InfoQ: Please tell us about the event. Why is it happening? What is the format?

Alistair: Because the Agile Manifesto had a big impact on our industry, there are many groups celebrating or recognizing it this year, I initiated a get-together of experienced, thinking software people to celebrate the event and have a thoughtful discussion.

In this case, the discussion should not be about agile development – that was our discussion ten years ago. Our discussion will be looking back and looking forward: what can we count as problems solved and unsolvable, and what can we fruitfully address?

The reason for looking for solved problems is that our industry has made a lot of progress in the last 50 years, and we should take the time to recognize the accomplishments to date – too often, we beat ourselves up as an industry.

The reason for identifying unsolvable problems is that we periodically throw good effort after problems that we can't possible resolve (such as "How can get my boss or workers to do what I want?" :).

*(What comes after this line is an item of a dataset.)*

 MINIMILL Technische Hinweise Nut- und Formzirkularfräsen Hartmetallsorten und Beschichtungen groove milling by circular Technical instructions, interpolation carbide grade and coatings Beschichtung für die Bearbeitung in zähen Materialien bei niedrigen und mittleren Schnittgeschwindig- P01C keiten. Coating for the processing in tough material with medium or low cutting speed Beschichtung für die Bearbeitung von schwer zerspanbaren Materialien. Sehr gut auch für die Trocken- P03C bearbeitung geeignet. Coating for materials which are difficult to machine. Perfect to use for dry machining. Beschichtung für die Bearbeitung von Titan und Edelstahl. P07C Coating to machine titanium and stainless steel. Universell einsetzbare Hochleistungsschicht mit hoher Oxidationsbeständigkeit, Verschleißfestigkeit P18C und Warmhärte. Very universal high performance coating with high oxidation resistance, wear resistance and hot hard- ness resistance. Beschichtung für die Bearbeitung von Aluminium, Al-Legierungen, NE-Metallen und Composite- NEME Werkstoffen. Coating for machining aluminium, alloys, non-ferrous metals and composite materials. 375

The remaining problems fall into two categories, those that might be addressable with large amounts of money, and those that even large amounts of money won't solve, but that might be addressed in other ways, such as innovation.

Our intention is to have the celebration of the writing of the Agile Manifesto on the Friday evening and first thing on Saturday morning, and then be done with it. We will have a facilitated workshop during the day with an afternoon break for people to continue talking either in the coffee shop or on the ski lift, then reconvene in the evening to continue the discussion.

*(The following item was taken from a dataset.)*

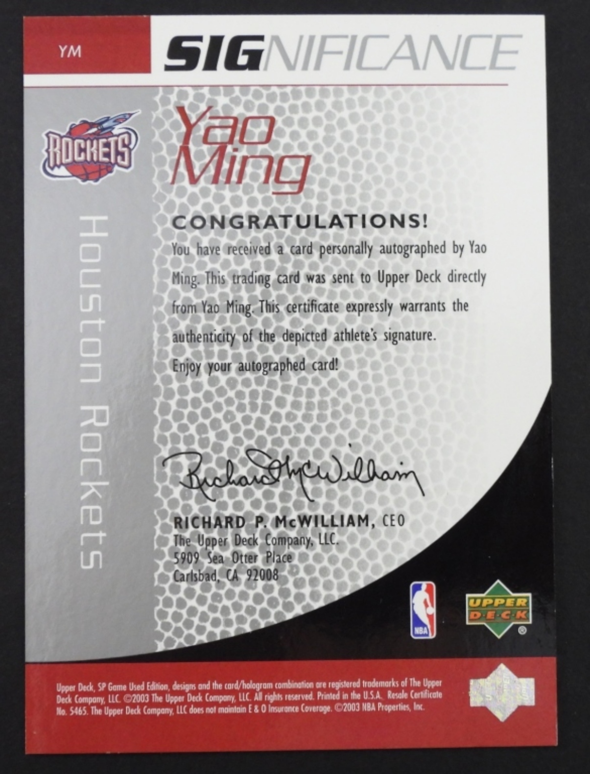 2003 UPPER DECK YAO MING ROCKETS,AUTOGRAPHED SIGNIFICANCE COLLECTORS CARD

InfoQ: What do you hope will come out of the reunion?

Alistair: In the worst case, a celebration of a landmark event and a good discussion. If we're lucky, we may get a list of solved, unsolvable and interesting problems worth looking at for the next decade.

InfoQ: Who will be there?

Alistair: I was happy to be able to invite people from Europe as well as the U.S., from corporate and academia as well as consultant, and from different areas of expertise. About four dozen people were invited, of which nearly three dozen have accepted, including Jeff Sutherland, Phillipe Kruchten and Scott Ambler.

InfoQ: How do people sign up?

Alistair: Because the event itself is small – we could only accommodate 30-35 people, the event was by invitation. We set up the site so that others could comment with their views, post pictures of agile in action, and sponsor, if they wish. Also, we'll be using the Twitter handle #10yrsagile during the event, and displaying the Twitter stream in the room so we can see what people are saying while we work.

If you cannot attend, you can still join in the conversation.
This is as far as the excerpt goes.